# Grave popper with a twist



## haunted hollows (Sep 27, 2008)

Today I decided to get into the animated phase of Halloween. With a local trip the the junk yard and the removal of a wiper motor from a Ford escort it has begun. I used as much scrap and free stuff I could find to keep it as cheap as possible. I used a dollar store head (blucky), broken 3 iron shaft, wall wart from something a threw away years ago, and misc scrap wood and hardware.

The one thing I did differently was add a doorbell to the bottom of the rigging that turns on a light when the head is at the top, this creates a really cool effect when the head "pops" up. I am really happy with the results and will attach night time photos soon.

Total cost = 9.79
wiper - 8
blucky head - 1
Door Bell - .79

I still cant attach file so please see this section of my blog.

http://hauntedhollows.blogspot.com/2008/10/grave-popper.html


----------



## Terrormaster (Sep 27, 2007)

Hey that's pretty cool, would have never thought of using a doorbell button as a limit switch - nice one.


----------



## turtle2778 (Jul 9, 2006)

Thats really smart.

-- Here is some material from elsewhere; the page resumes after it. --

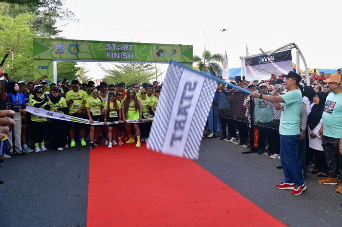 Para peserta dilepas secara resmi oleh Penjabat Gubernur Sulsel, Prof Zudan Arif Fakhrulloh, didampingi Bupati Kepulauan Selayar, Muh Basli Ali, di depan Lapangan Pemuda Benteng, Sabtu, 14 September 2024. Para peserta akan menempuh jarak 7,7 kilometer.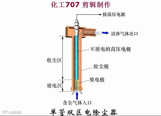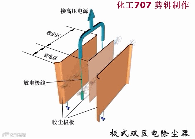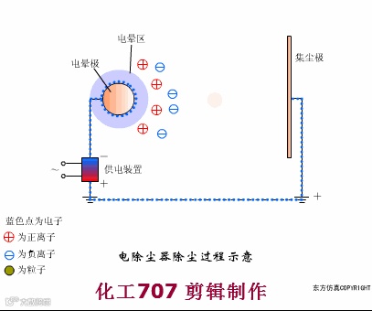 含有粉尘颗粒的气体,在接有高压直流电源的阴极线(又称电晕极)和接地的阳极板之间所形成的高压电场通过时,由于阴极发生电晕放电、气体被电离。

GOOD job!!


----------



## smileyface4u23 (Apr 1, 2008)




----------



## smileyface4u23 (Apr 1, 2008)

haunted hollows said:


> Today I decided to get into the animated phase of Halloween.


You just decided to do all that today? Fantastic job!!! 

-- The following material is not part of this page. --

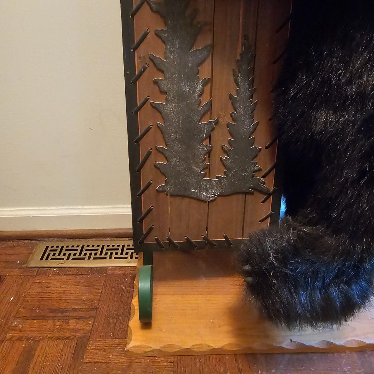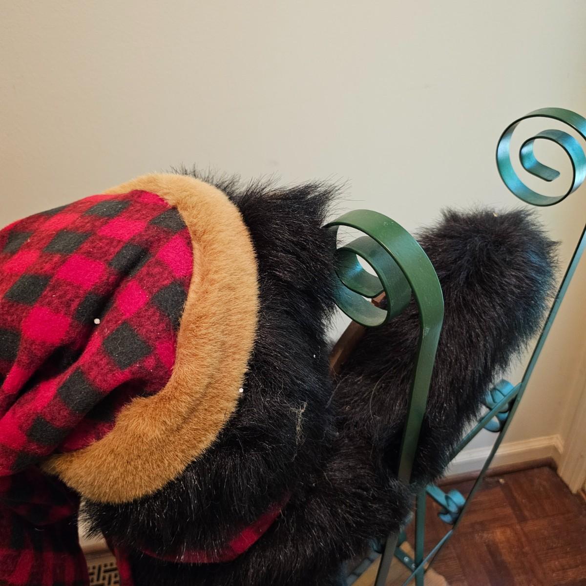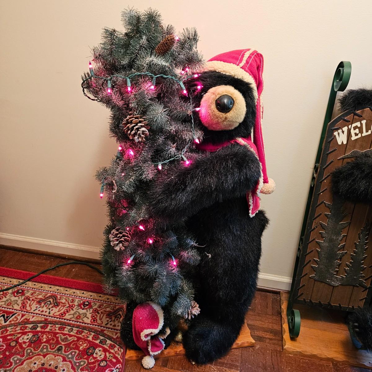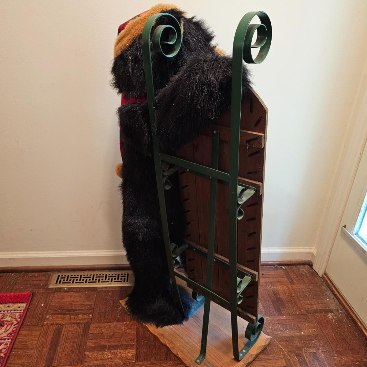 An adorable pair of soft plush bears in festive holiday attire to welcome your guests and liven your home. Bear with tree has red lights that work, and a small onlooker at the bottom of the tree. Felt hat and scarf keep him warm. Item measures 19" x 15" x 45"H, has scalloped edge wood base. Bear #2 holds a sled with a 'Welcome' greeting on it and pine trees below. Checkered hat and scarf, wood base and measures 19" x 15" x 40"H. Total cuteness! See photos for details. Local pickup only.

(sorry bout the double post - my computer had a temporary freak out...)


----------



## wakingwitch (Oct 10, 2008)

*Great Idea!*

I LOVE the way it moves around the top of the headstone! Great job! I am new to this whole wonderful/terrible experience, and it's great to see "first trys" come out so great! Very inspiring!

My boss passed on his "sickness" for Halloween props to me and I'm looking forward to my 1st Halloween as a "propster". I'd like to give a big HEY-YEAH to the BOYSINBOO for indoctrinating me into the Haunt Forum!

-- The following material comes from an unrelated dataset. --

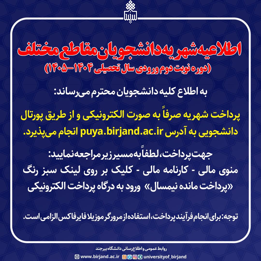 پرداخت شهریه صرفاً به صورت الکترونیکی و از طریق پورتال دانشجویی به آدرس puya.birjand.ac.ir انجام میپذیرد.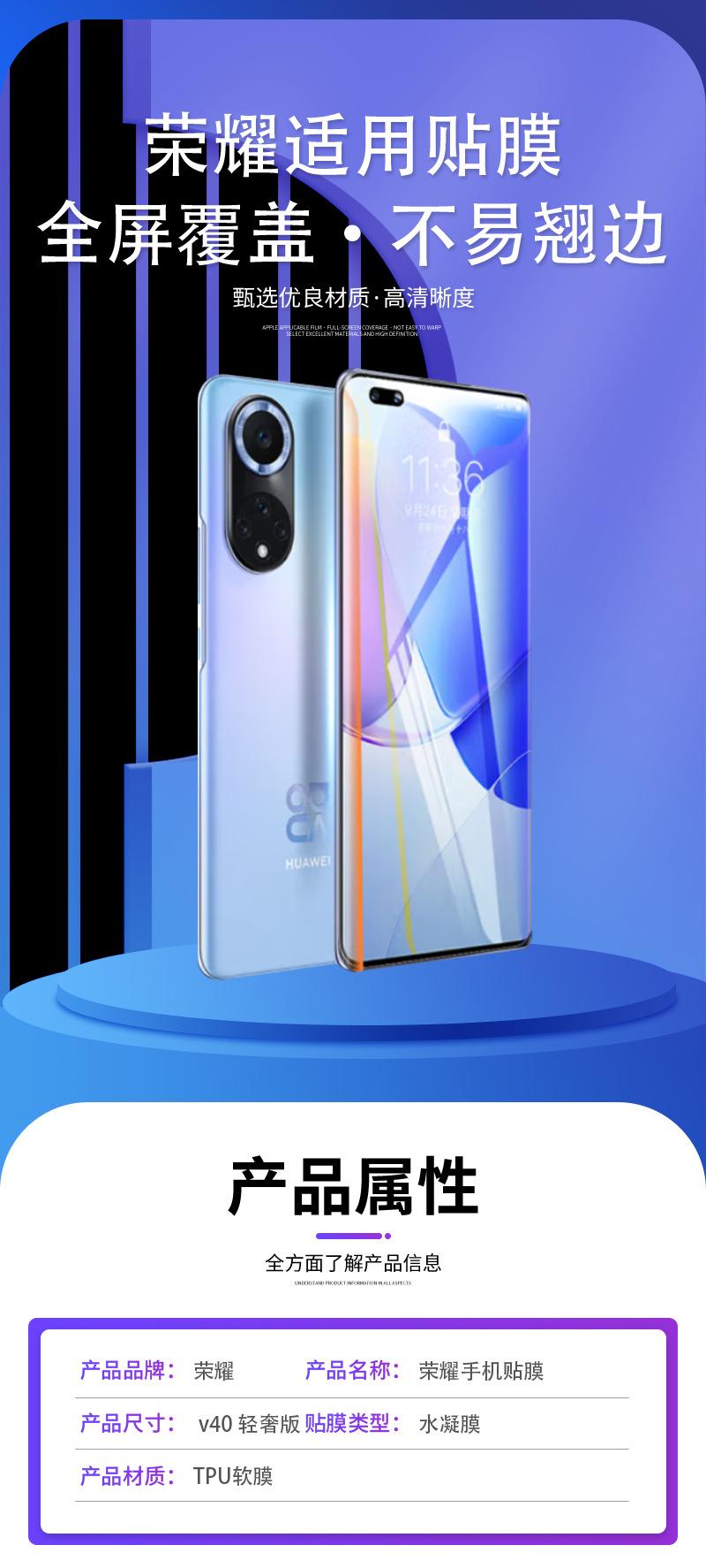 Adecuado para teléfono inteligente Glory v40 Película de coagulación de agua Edición de lujo ligera Pantalla completa TPU Protección ocular Película protectora de luz azul Punto

Gotta go gross up some Bluckiies now!

Wakingwitch


----------



## haunted hollows (Sep 27, 2008)

smileyface4u23,

With all the information available on this site its hard not to get motivated, if I had more time I would get into the air powered stuff. But I will have to wait till next year.

Also I should have some night photos and video of the head popper tonight.


----------



## NickG (Sep 12, 2006)

clever!


----------



## Scary Godmother (Oct 13, 2007)

Great job, can't wait to see the night video!:devil:


----------



## Bone To Pick (Oct 23, 2007)

Hah! I love the gold club shaft - nice touch.
(it brings tears to the eyes of an admitted pack rat)

Great job!


----------



## haunted hollows (Sep 27, 2008)

Guys I need help, I have all the video's taken with my camera on DVD and finalized. How do I rip them onto my computer so I can post here? Maybe you can PM me so we don't hijack the thread and create a how to on computers. Sorry I am new to the whole digital camera dvd thing!!!! But I really do want to share my vids with every one.


----------



## Ghostess (Aug 21, 2005)

Very cool!


----------